That it falls a little shy of greatness is perhaps inevitable. The story is just a little too silly to carry the emotional weight of a masterpiece. It is a melancholy fact that while the visionaries of a generation ago, like Coppola with "Apocalypse Now," tried frankly to make films of great consequence, an equally ambitious director like Peter Jackson is aiming more for popular success. The epic fantasy has displaced real contemporary concerns, and audiences are much more interested in Middle Earth than in the world they inhabit.If he thinks Tolkien's story is "silly," I'd hate to hear what he thinks of such flights of fancy as Hamlet or Oedipus. (Consider as well the fawning review that Ebert once wrote for Forrest Gump, a movie that, while delightful, has an utterly ludicrous plot.)

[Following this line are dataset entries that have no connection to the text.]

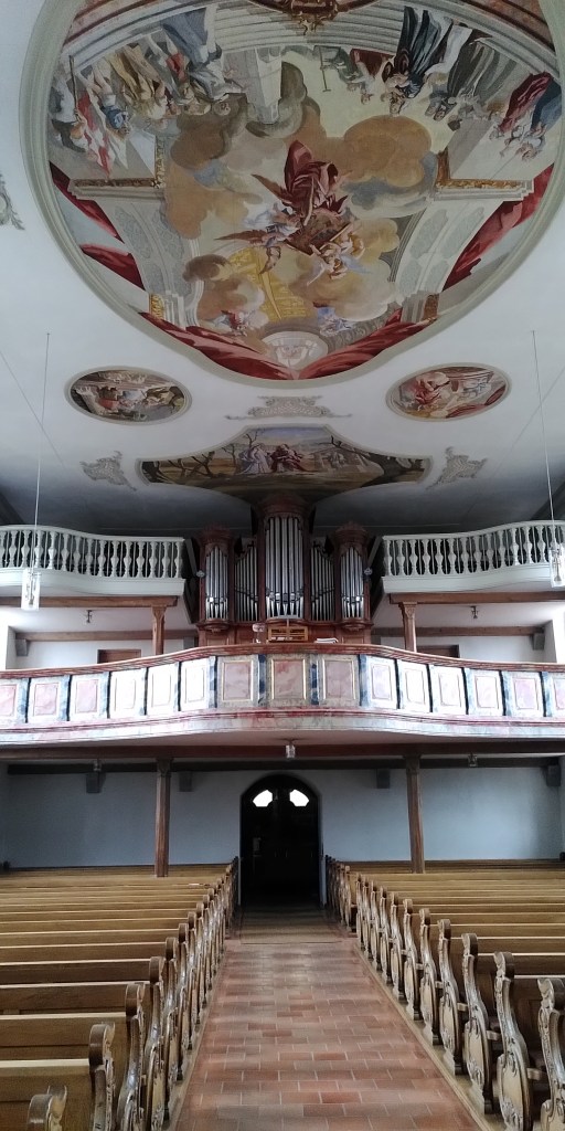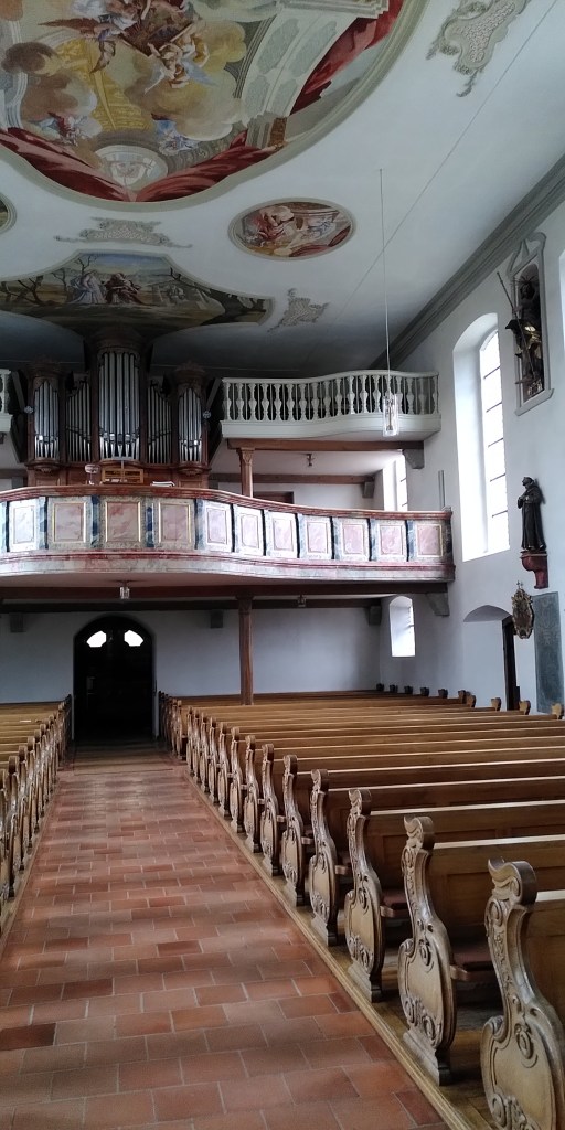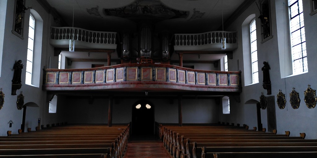 1767 A new organ was built by Josef Lang from Wasserburg for 251 guilders on the upper gallery. In 1786/87 the organ was repaired by Joseph Höss and between 1827 and 1849 by Friedrich Ruef, the latter described the organ as ‚extraordinarly defective‘.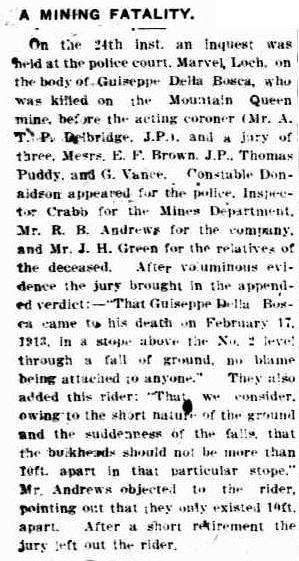 My great uncle, Giuseppe Della Bosca, died in a fall of earth in the Mountain Queen Gold Mine near Marvel Loch on 17 February 1913. He is buried in the cemetery there. We visited it in September; such a desolate, isolated place for a young boy from the other side of the world. He had arrived in WA two years earlier, as an 18 year old, from his small village in the Italian Alps. What a contrast he must have found here. Apparently, his was the first death in this mine. Adding to the tragedy of his death for his family, my grandfather, a 17 year old, was on his way to join his older brother, when the accident occurred. He arrived on 1 April 1913, with no English, a gold sovereign his father had given him, and no one to meet him.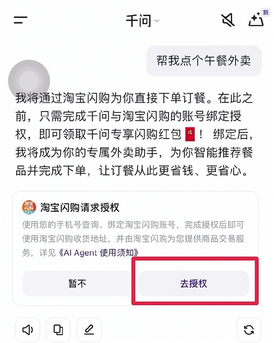 使用AI点外卖需要授权绑定“淘宝闪购”。
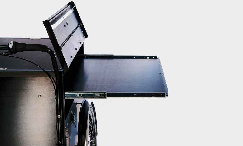 Model P can also be equipped with an Event box. This box consists of two tables and a long shelf. It is designed so that all the moving parts of the box are secured when the box is closed and the model is ridden. The Event box is supplied with two folding tables, display stand for brochures and a pull-out shelf and can be customized with various options and equipment.

And what makes Ebert think that a film is to be judged by whether it is about "the world [we] inhabit" or by its relevance to "real contemporary concerns"? What an odd criterion. Must a story be about the war in Iraq or the expansion of Medicare in order to be worthy of Ebert's approval?
Ebert continues:
There is little enough psychological depth anywhere in the films, actually, and they exist mostly as surface, gesture, archetype and spectacle. They do that magnificently well, but one feels at the end that nothing actual and human has been at stake; cartoon characters in a fantasy world have been brought along about as far as it is possible for them to come, and while we applaud the achievement, the trilogy is more a work for adolescents (of all ages) than for those hungering for truthful emotion thoughtfully paid for.Ebert just doesn't understand the genre. To paraphrase what a thoughtful observer once said about the second film, criticizing Tolkien for a lack of "psychological depth" is like criticizing Jane Austen's books for lacking any sweeping battles or heroic rescues. It is a mistake to treat one narrow genre of artistic expression (i.e., the realistic psychological drama) as the model for all genres.